╭─ Record excerpts

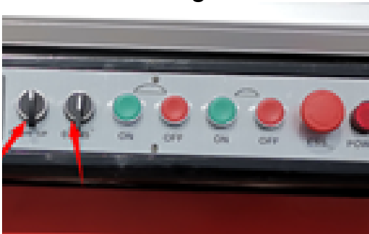
Electric control for main saw up/down and tilting 0-45°
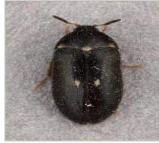
Two-spot carpet beetle Attagenus pello
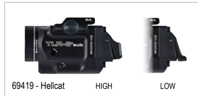
69419 - Hellcat HIGH LOW
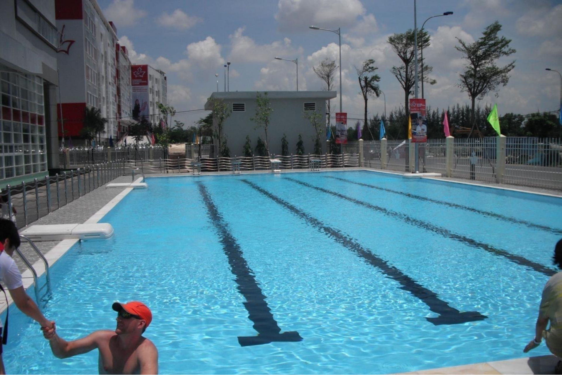
Two outdoor swimming pools
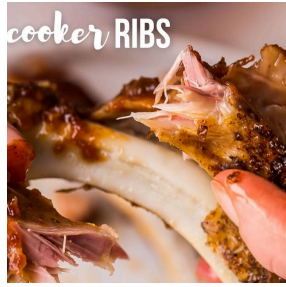
Easy Slow Cooker BBQ Ribs + VIDEO
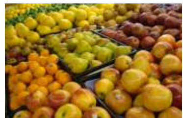
Farming & Agriculture
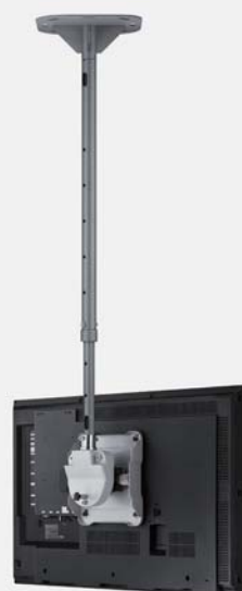
Figure 8. CML-400D

Samsung ceiling mounts enable display installation from the ceiling, on an extended pole that is adjustable in length to position the display at just the right height. The mounted displays can be adjusted in various vertical angles and the directional (horizontal) angle that the displays face can also be adjusted for optimal viewing. The ceiling mounts hold up to four times the weight of the supported display products.

╰─

- _What you should do_:
Drop the pictures and copy the data exactly.

- _Written answer_:
Electric control for main saw up/down and tilting 0-45°
Two-spot carpet beetle Attagenus pello
69419 - Hellcat HIGH LOW
Two outdoor swimming pools
Easy Slow Cooker BBQ Ribs + VIDEO
Farming & Agriculture
Figure 8. CML-400D

Samsung ceiling mounts enable display installation from the ceiling, on an extended pole that is adjustable in length to position the display at just the right height. The mounted displays can be adjusted in various vertical angles and the directional (horizontal) angle that the displays face can also be adjusted for optimal viewing. The ceiling mounts hold up to four times the weight of the supported display products.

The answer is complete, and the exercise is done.